Pada Rabu, 11 Januari 2017 lalu, saya bersama beberapa frater dan imam dari Seminari Tinggi St. Paulus Ledalero menghadiri kegiatan Ibadat Ekumene di Gereja Pantekosta Pusat Surabaya (GPPS) Jemaat Kristus Jawaban Cabang Geliting, Kewapante. Ibadat bernuansa Natal dan Tahun Baru bersama ini melibatkan tiga pihak yakni Gereja Katolik, Gereja Masehi Injili di Timor (GMIT) Cabang Kewapante dan GPPS Jemaat Kristus Jawaban Cabang Geliting.

Beberapa tokoh yang turut serta dalam kegiatan ini antara lain Pater Lukas Jua SVD (Wakil Provinsial SVD Ende), Pendeta Emiliana Leny (GPPS Jemaat Kristus Jawaban Cabang Geliting), Pendeta Mega Paipialy Manggoa (GMIT), Pater Yeremias Purin Koten SVD (Pastor Paroki Kewapante), Rafael Raga (Ketua DPRD Sikka), Alfonsus Naga (Camat Kewapante sekaligus Ketua FKUB Kewapante) dan ratusan umat lainnya.

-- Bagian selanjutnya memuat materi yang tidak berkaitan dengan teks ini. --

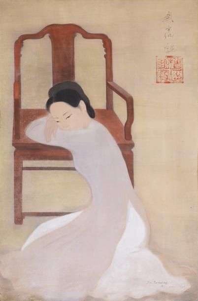 Portrait de jeune femme accoudée, 1941 Encre et gouache sur soie, signée, datée et dédicacée «en hommage à madame Niret» en bas à droite, signée et marquée du cachet de l'artiste en haut à droite 89.5 x 59.5 cm - 351/4 x 231/2 in. Ink and gouache on silk, signed, dated, and dédicated lower right, signed and marked with the artist's stamp upper right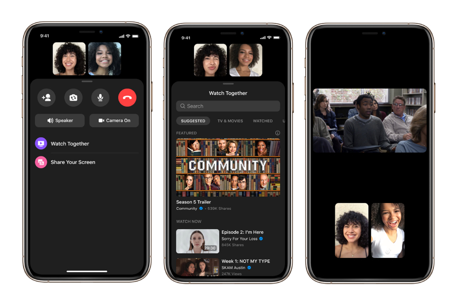 페이스북 메신저에 추가되는 ‘함께 보기(Watch Together)’ 기능을 활용하면, 친구나 가족끼리 영상 통화를 하면서, 페이스북 와치(Watch)에 있는 동영상을 함께 감상할 수 있다. (사진:Facebook)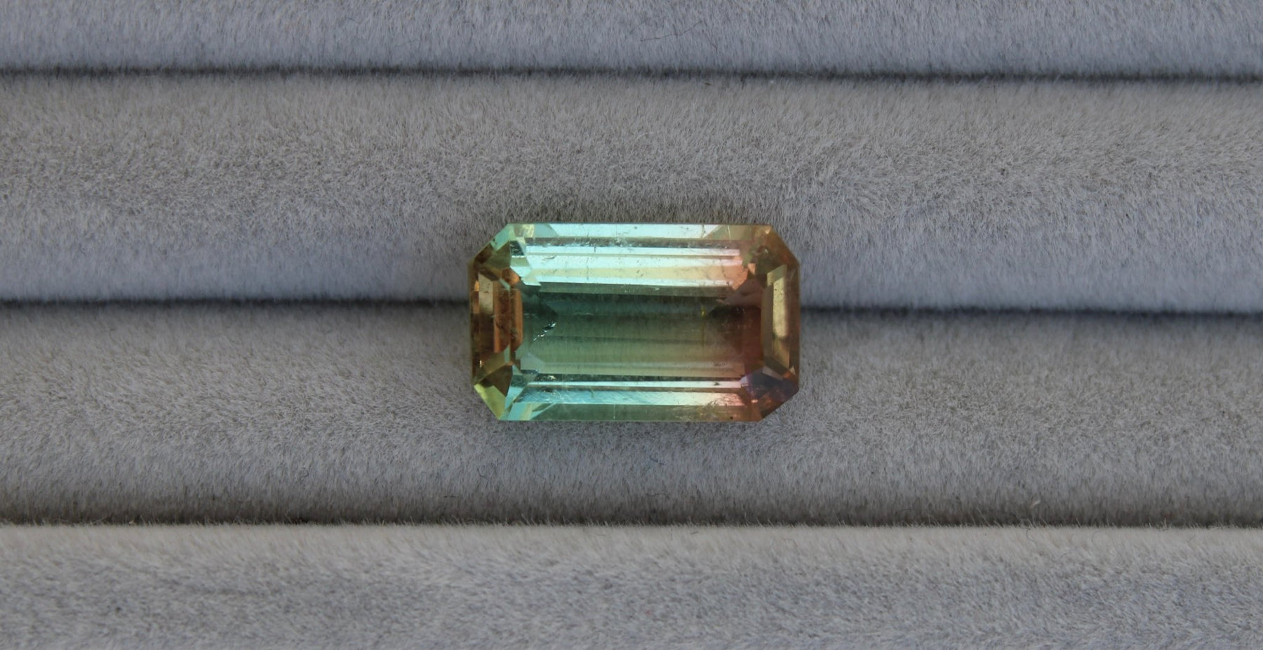 Create the jewelry piece of your dreams with this 4.48ct emerald cut bi-colour tourmaline. This utterly stunning gemstone catches minty greens and full tones of peach within its facets, making it a truly one-of-a-kind gemstone.

Sebagaimana biasanya sebuah Ibadat Ekumene, kegiatan hari itu diisi dengan menyanyikan lagu pujian, berdoa bersama serta mendengarkan sabda dan renungan yang dibawakan Pater Lukas Jua SVD. Setelah ibadat, acara dilanjutkan dengan resepsi sederhana yang turut dihadiri sekelompok umat muslim Geliting. Dalam resepsi ini diadakan juga acara penyalaan obor toleransi dan pengumpulan dana solidaritas untuk korban bencana gempa Aceh yang terjadi pada Desember 2016 lalu.[1]

Bersama teman-teman frater, saya mendapat kesempatan untuk menyanyikan tiga lagu pujian. Kemudian secara pribadi, saya mendapatkan kesempatan untuk membacakan sebuah puisi bertema harapan akan bangkitnya  persatuan antarumat beragama.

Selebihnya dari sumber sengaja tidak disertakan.